THE STORM INSIDE
I can't sleep. I can't eat. The thoughts of how I used to be are fading away. I have been in a storm and I'm breaking free. Slowly but surely it stuck itself deep inside of me. It took my heart and turned it upside down. It made my love that was lost "free" so then it could be found. I cried so many nights and welled inside with tears. Tears of loss and the salt water that held so many fears. I can't go back and the storm knows it too. It took me by surprise and made the love true.

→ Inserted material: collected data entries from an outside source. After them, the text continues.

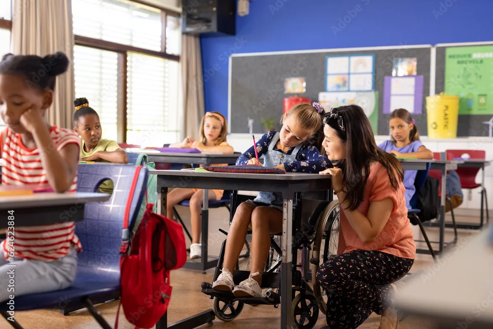 Diverse female teacher and schoolgirl in wheelchair in elementary school class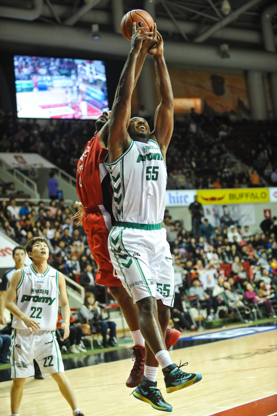 동부가 1일 안양 실내체육관에서 벌어진 2014~2015시즌 KCC 남자농구 1라운드 마지막 경기에서 KGC를 65대56으로 제압했다.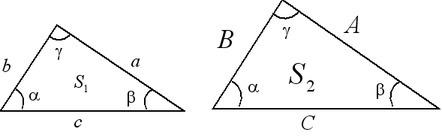 Подобными называются треугольники, у которых углы равны, а сходственные стороны пропорциональны.

I was here many years ago but tried to calm the storm, but as time went by I knew that I was torn. For part of me wanted everything to stay the same. Sometimes change can make you feel insane. But I knew deep down in a very loving heart that I could no longer lie and feel like I did from the start. Everyone has a storm inside but some choose to hide it along with their pride. Well I choose to take the ride and when I feel the wind, I will be completely free inside.
I feel it now every single day. The sky is parting and making my way. I do believe that God has a plan and when he is done I will be holding his hand. All of the moments and all of the words and everything I say will always be heard. For the storm inside has given me peace and in a strange way a lot of relief. For I know love deep within my soul and with the storm inside I will never let it go. And even when things sometimes get in the way I will always know why and let my heart say. "Don't ever forget the brightest star. You were always a wonderful gift because of who you are." So I closed my eyes and imagined our kiss and I knew deep in my heart, life has never felt like this.